Außenminister Schallenberg bei Amtskollege Antony Blinken in Washington (Bild: Michael Gruber)
Außenminister Schallenberg bei Amtskollege Antony Blinken in Washington

Mit wem war die Zusammenarbeit besonders schwierig?
Es menschelt überall. Und das ist ja auch das Schöne. Man glaubt immer, das sind Apparatesysteme. Es funktioniert manchmal, weil zwei Menschen einander riechen können.

Kann man denn tatsächlich Freundschaften schließen?
Es gibt einige Menschen, die ich besonders schätze. Die Außenminister aus Jordanien, Saudi Arabiens oder Indien. Ich denke auch an Xavier Bettel, den Luxemburger. Oder Ivan Korcok aus der Slowakei. Am Opernball ist der ehemalige ägyptische Außenminister da gewesen. Und ich habe mich wirklich gefreut, ihn wiederzusehen.

Wird es ein Comeback in der Politik geben?
Momentan lege ich alle politischen Ämter zurück. Das Schöne am Menschenleben ist: Wir kennen unsere Zukunft nicht.

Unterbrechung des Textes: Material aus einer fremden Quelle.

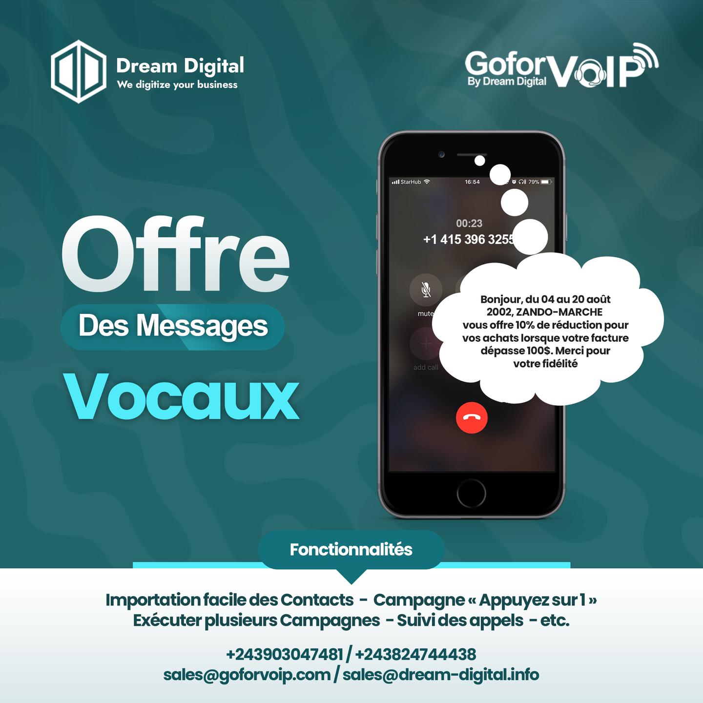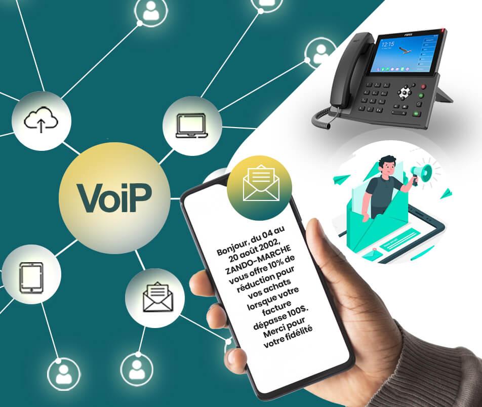 Nous proposons des services tels que : 1. Bulk SMS 2. Service VoIP 3. SMS Vocaux 4. WhatsApp Business Api 5. Odoo 6. Saiba 7. Etc…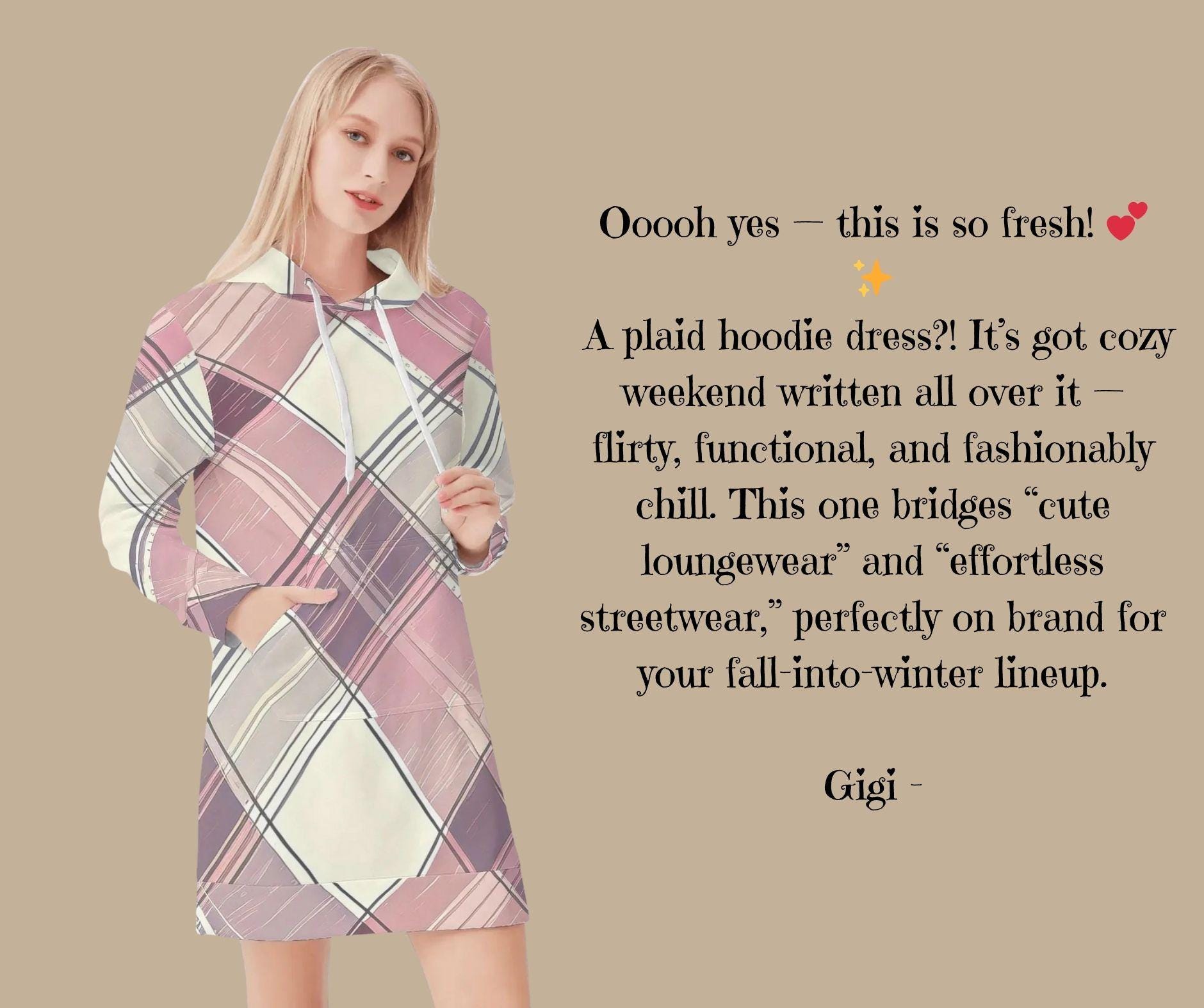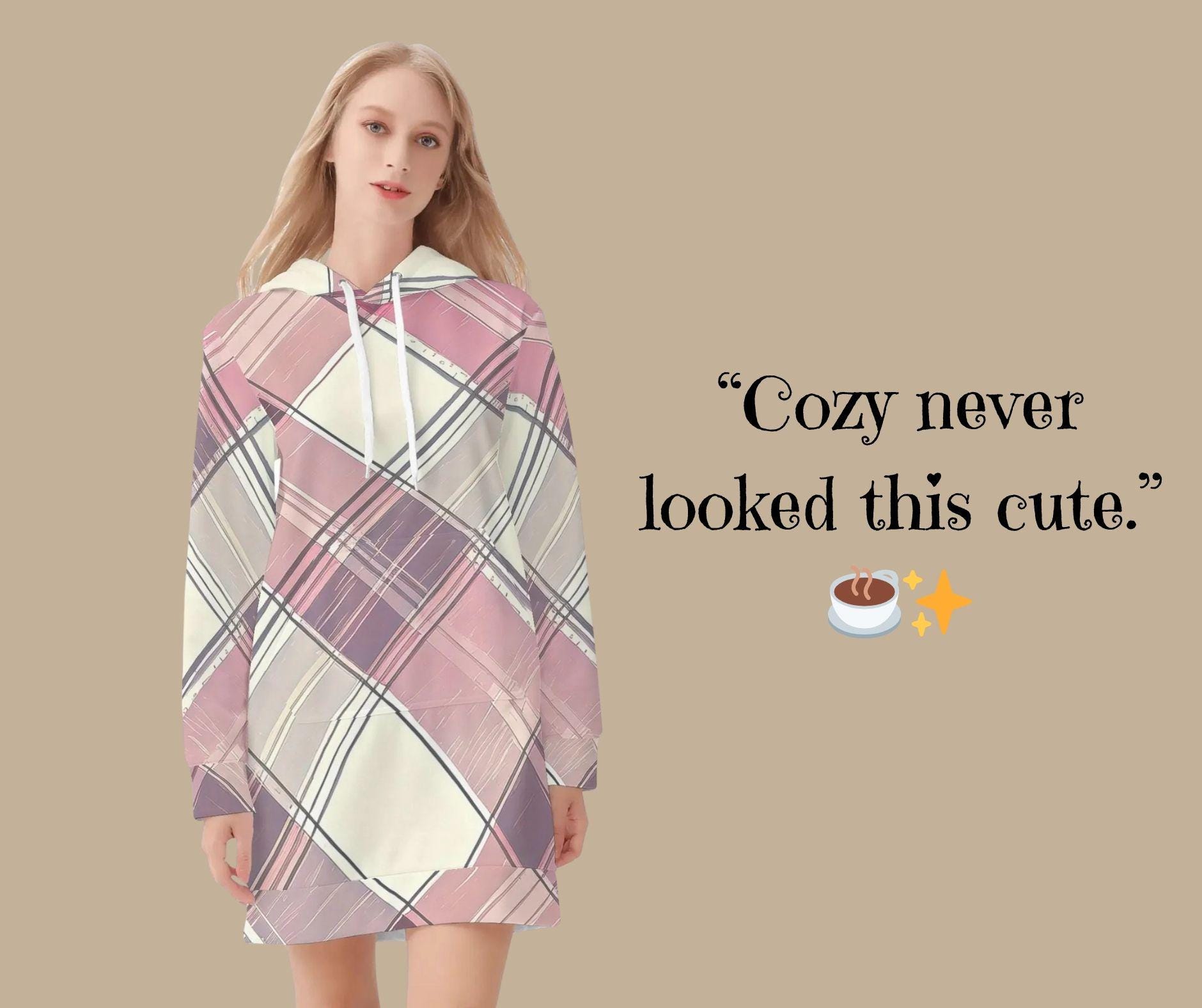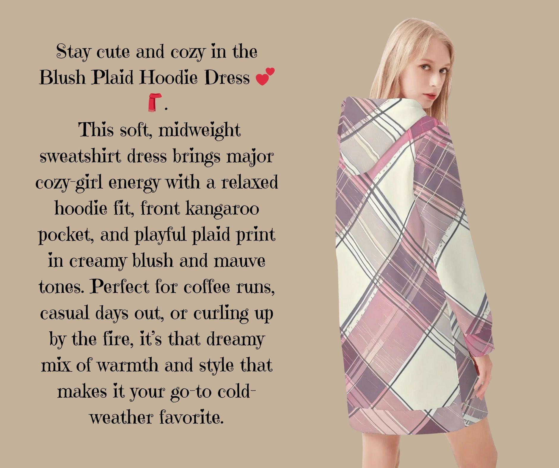 Wrap yourself in cozy-chic comfort with our Blush Plaid Hoodie Sweatshirt Dress — a soft, feminine take on winter’s favorite pattern. The classic blush and ivory plaid gives this hoodie dress a dreamy, preppy feel, while the relaxed fit, kangaroo pocket, and drawstring hood keep it effortlessly wearable from couch to café. ❄️✨
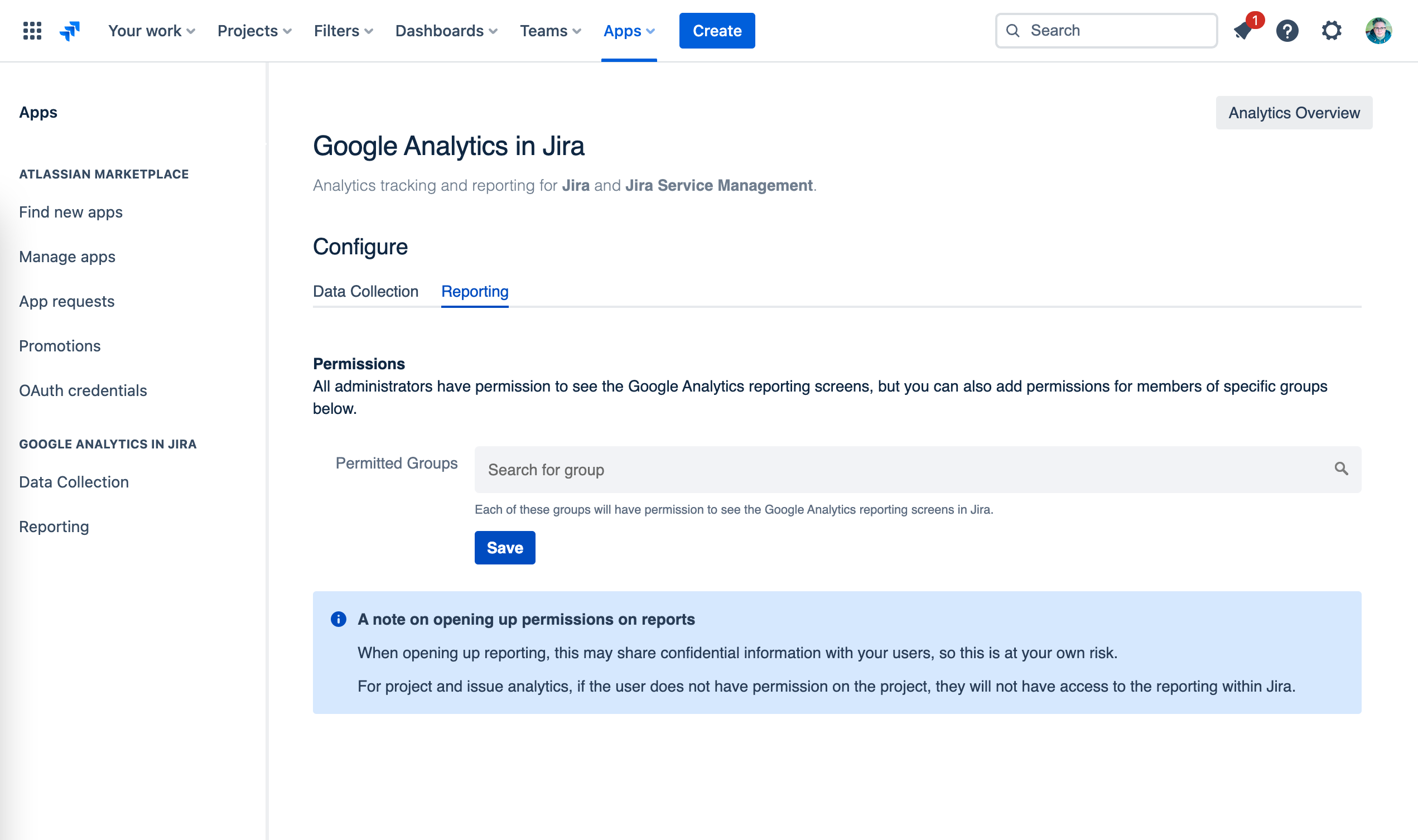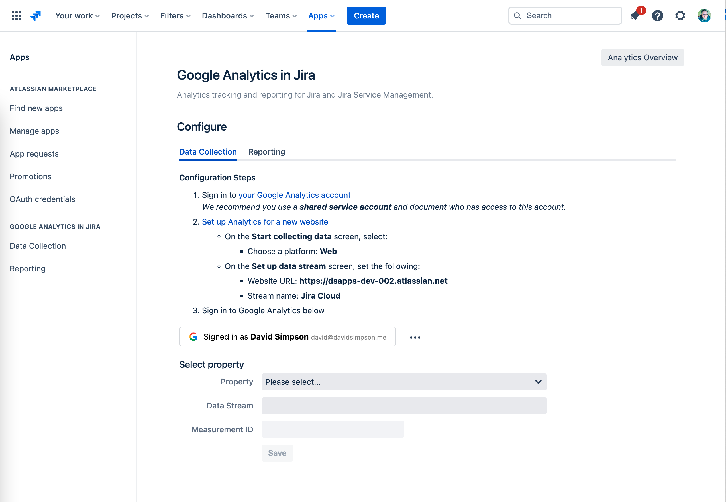 In the Data collection screen, you configure how Google Analytics connects to Jira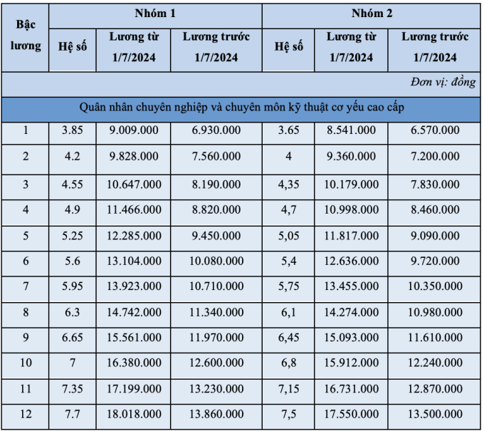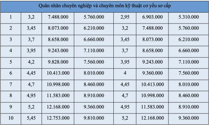 Bảng lương quân nhân chuyên nghiệp và chuyên môn kỹ thuật cơ yếu: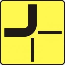 • T-6a/1 - tabliczka wskazująca rzeczywisty przebieg drogi z pierwszeństwem przez skrzyżowanie (umieszczana na drodze z pierwszeństwem)

Schallenberg beim Interview mit „Krone“-Außenpolitik-Redakteur Clemens Zavarsky (Bild: Jöchl Martin)
Schallenberg beim Interview mit „Krone“-Außenpolitik-Redakteur Clemens Zavarsky

Gibt es irgendeinen Höhepunkt, an den Sie besonders gern denken?
Es sind viele Bilder, die einen eigentlich ein Leben lang begleiten. Und ich bedauere, dass ich nicht alles machen konnte, was ich hätte machen wollen. Auch mein Tag hatte nur 24 Stunden. Aber auch der meines Teams. Dass sie immer für mich da waren, weiß ich enorm zu schätzen.